Whisper inference via transformers.js uses the WebGPU API for speed. WebGPU is currently available in Chrome 113+, Edge 113+, and some Chromium-based browsers. Firefox has WebGPU behind a flag. Safari's support is limited. On unsupported browsers the tool falls back to silence-removal-only mode — which is still very effective for cutting dead air. You can still get great results without the AI step.
How long does processing take?
Silence detection over the extracted audio waveform is near-instant (a few seconds for a 30-minute video). The Whisper AI model download takes 1–3 minutes on a typical connection the first time — subsequent runs are cached. Whisper transcription itself runs at roughly 4–10× real-time on WebGPU (a 5-minute video takes about 30–60 seconds). The final ffmpeg cut-and-export step is also fast because video frames are stream-copied rather than re-encoded.
What file formats and sizes are supported?

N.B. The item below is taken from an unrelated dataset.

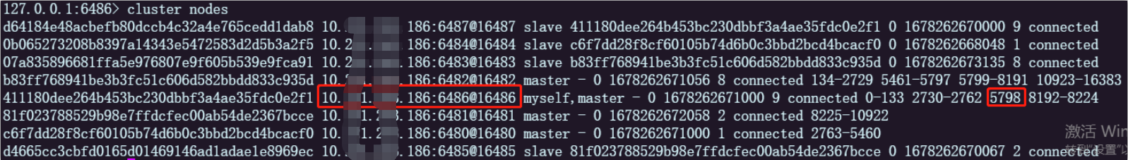name该key在6482中的5798槽位,想要将该槽位迁移到6486,步骤如下:

Input: MP4 (H.264/H.265), MOV, and WebM. File size is limited only by your device RAM and browser limits — in practice files up to a few gigabytes work on modern computers with 16 GB+ RAM. For very long videos (>60 min) consider splitting them first. Output is always MP4 (H.264 video stream-copied, AAC audio).
Can I undo or review the cuts before exporting?
Yes — after detection you see a full timeline and a scrollable list of every detected cut. Each segment shows its timestamp, duration, and type (silence or filler word). You can uncheck any segment to keep it in the final video. Only checked segments are removed when you click "Export cleaned video".